Because the codon located in the A-site is not expected to be the only determinant of how long a ribosome spends at each position, we also calculated the influence of the codon located in the P- or E-site of a ribosome on measured ribosome density in each experiment. To do this, for each codon identity, we computed the average relative enrichment of ribosomes whose A-site was one position (P-site, S1A Fig) or two positions (E-site, S2A Fig) downstream of the codon identity, rather than directly over the codon identity. Clustering the same set of experiments by the correlations between their P-site occupancy values for all 61 codons recapitulates the same strong separation of CHX experiments from no-CHX experiments produced by the A-site occupancies (S1B and S1C Fig). E-site occupancy values exhibit less dynamic range from codon to codon under either experimental condition compared to the A- or P-sites (S2B Fig) but still generally separate the two conditions from each other (S2C Fig).

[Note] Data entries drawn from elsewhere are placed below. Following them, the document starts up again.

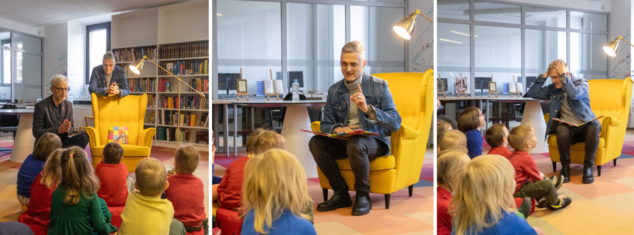 - Balandžio 25 d. bibliotekos renginių cikle „Tėti, paskaityk mums“ lankėsi žurnalistas Šarūnas Černiauskas. Jis kartu su vaikais skaitė nuotaikingą istoriją apie naują kaimynę name – Claudios Fries pasaką „Atsikrausto kiaulė!“.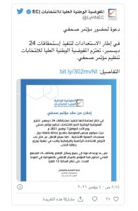 ودعت المفوضية، جميع وسائل الإعلام ومنظمات المجتمع المدني لحضور هذا المؤتمر بالمركز الإعلامي بالمفوضية في الموعد المحدد على تمام الساعة 12 ظهرا.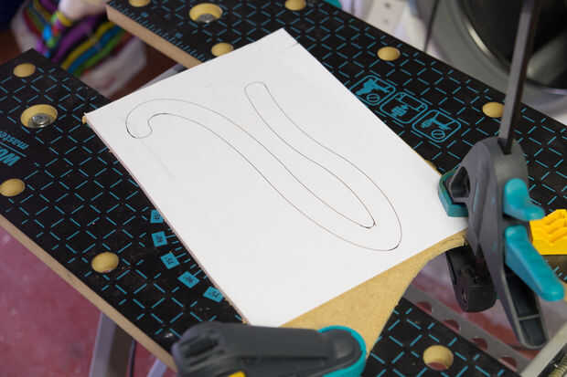 • Pega las plantillas sobre el MDF con el pegamento de la manía.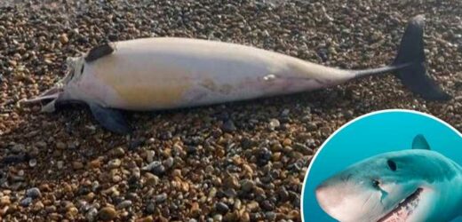 The savaged creature was found washed up in Hove, East Sussex, on Monday morning by a runner.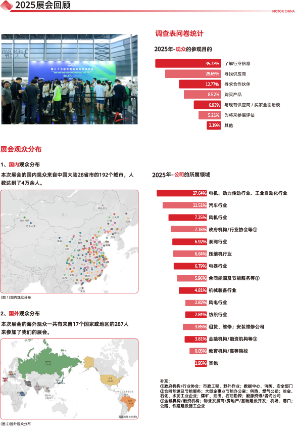 上海国际电机博览会每年有数万名专业买家莅临参观,来自全国30多个省、市、自治区,涵盖机械装备、动力传动、汽车.电器、风机等领域。85%的参观者与参展商达成合作意向,展览效益良好。参观企业代表有:中国航天、舍弗勒、GE、博世、韩国现代、马自达、汉能、中华汽车、日本电产、新松、上海港机、研华、艾默生、罗克韦尔、科尔摩根、西门子、贝加莱、上海电气集团、卧龙电气、中船重工、斗山、格力电器、日立电器、东方电机、ABB、欧姆中国机电产品流通协会中国机电产品流通协会电机分会南阳防爆电气研究所中国机电产品流通协会轴承专业委员会中国机电产品流通协会机床分会中国工业节能与清洁生产协会绿色电机系统专委会国流机电科技(上海)有限公司龙、包米勒、美的电器、奥的斯、SMC、中兴、奥克斯集团、丰田汽车、海尔、施耐德电器、松下电机、中达电通、哈工大机器人伦茨、中国航天科工、中钢集团、费斯托、中国石化、中国铁道威腾斯坦、霍尼韦尔、海康机器人、LG、上汽集团、首钢股份、巴斯夫、安川电机、中远集团、嘉陵-本田、大洋、河北电机等。
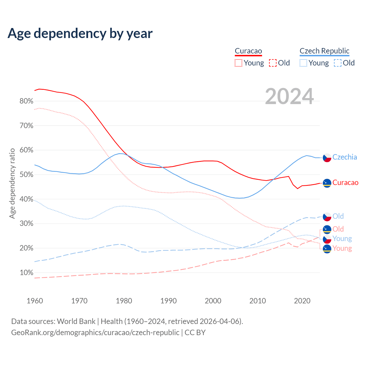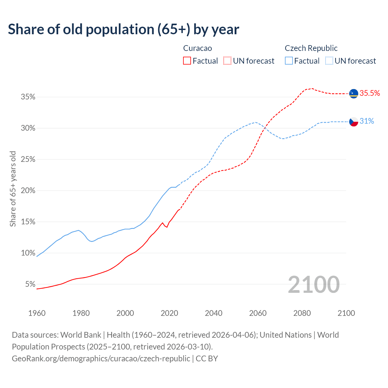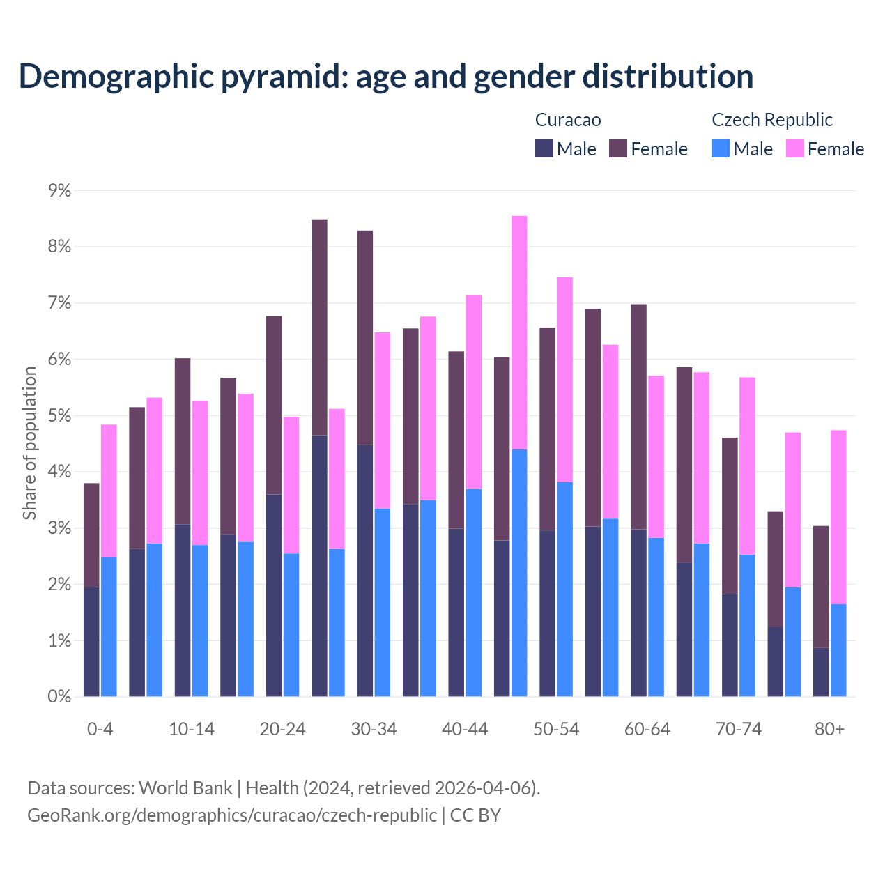 - The share of old-age demographic (65+) in Curacao is 16.8% vs 20.8% in the Czech Republic.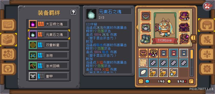 针对“伤害暴击”这一描述,在论坛搜元素石套装效果看到有人理解错了,自己试了一下后解释一下:元素石羁绊生效后,角色头上会有一个属性符号(图片中是雷),火,冰,雷轮流变动,在对应符号时打出对应伤害必定暴击,然后追加一个范围伤害。所以,元素法师毕业套基本就是3+3了(巫师+元素),然后刷羁绊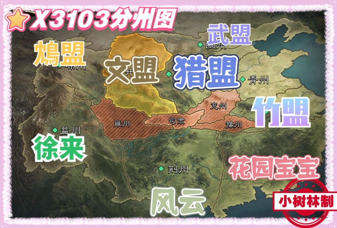 【竹盟】虽偏局徐州,但持续霸榜,此外除青冀由【猎盟】把持外,其余各州均有领头羊。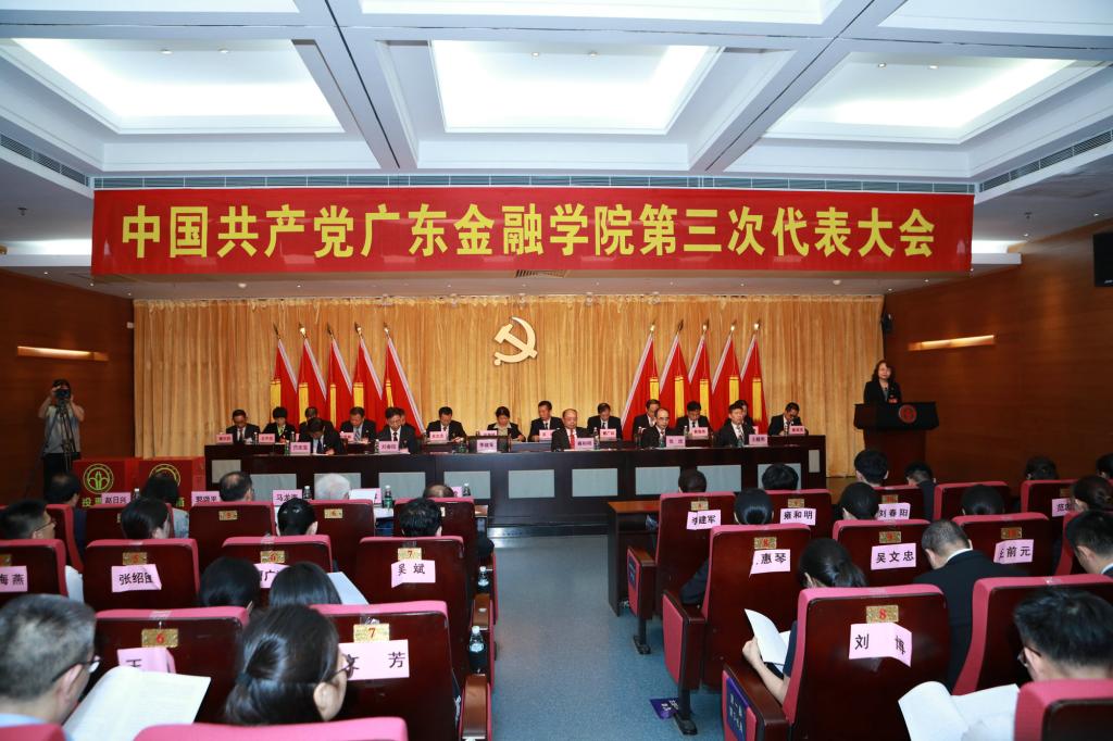 大会的主题是:高举习近平新时代中国特色社会主义思想伟大旗帜,深入贯彻落实党的十九大精神,深入贯彻落实全国教育大会精神和习近平总书记对广东重要讲话和重要指示批示精神,全面落实“立德树人”根本任务,全面推进党的建设伟大工程,坚持优结构、上层次、提质量、强特色、促创新、谋发展,抢抓粤港澳大湾区和广东金融强省建设的战略机遇,凝心聚力,开拓进取,为把学校建设成为国内知名的应用型金融品牌大学而努力奋斗!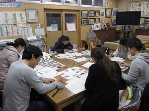 夜、PTAの広報部が「しおなり」の編集のために学校に集まってくれました。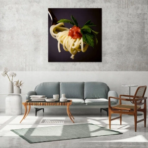 Impression sur verre - Image sur verre - Spaghettis à la fourchette avec sauce tomate - 70x50cm - Une bouchée savoureuse - Décoration murale moderne pour le salon et la chambre ARTTOR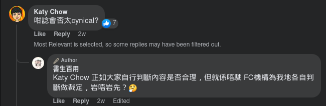 「書生百用」的帖文下有留言問其想法會否過於犬儒,「書生」的回應卻是「正如大家自行判斷內容是否合理,但係就唔駛FC機構為我地各自判斷做裁定,岩唔岩先?」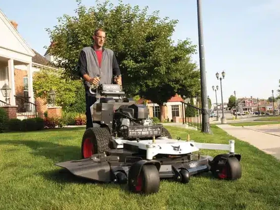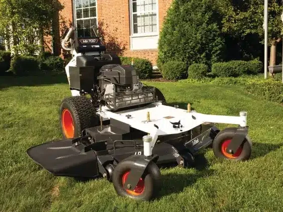 Walk-behind mower equipped with a 48″ side discharge deck.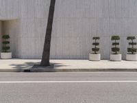 A view of a modern architecture building in downtown Los Angeles, California. The facade features a combination of wood and glass, creating an urban design aesthetic. The surrounding vegetation adds a touch of nature in the concrete jungle.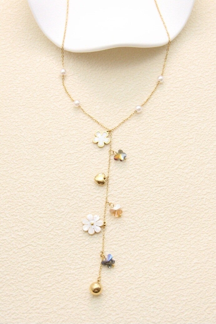 Collier Long Fleurs et Perles – Acier Inoxydable Doré

CHX-induced changes in ribosomal A- and P-site enrichments are concentration dependent

The fact that tRNA binding site enrichment values from experiments with and without CHX pretreatment separate into two clusters represents two incompatible claims about how long ribosomes spend translating each codon identity. To test how well each of these two apparent phenotypes agreed with intuitive expectations about elongation times, for each experiment, we computed the Spearman rank correlation between each codon identity’s mean relative A-site enrichment and the inverse of its tRNA adaptation index (tAI) [5, 40]. The tAI of each codon identity is the weighted sum of the genomic copy numbers of the different tRNA genes that can decode the codon, with empirically determined weights penalizing wobble base pairings. This calculation quantifies the expectation that tRNAs expressed at lower abundances or that involve non-standard base pairing in their codon-anticodon interaction should require longer to translate. Consistent with previous reports [13, 23, 31, 32], all CHX experiments report weak to moderate negative correlations (Fig 1D, orange labels), representing apparent translation dynamics in which less abundant tRNAs are actually translated faster. Experiments without CHX, on the other hand, report positive correlations of varying magnitude (Fig 1D, 0x Gerashchenko NAR points and purple labels). Experiments by Pop [36], Lareau [26], Nedialkova [29], Guydosh [35] and Gardin [33] produce weak to moderate correlations, but experiments by Gerashchenko [34], Jan [41], Williams [42], Weinberg [38], and Young [37] produce fairly strong and highly statistically significant correlations.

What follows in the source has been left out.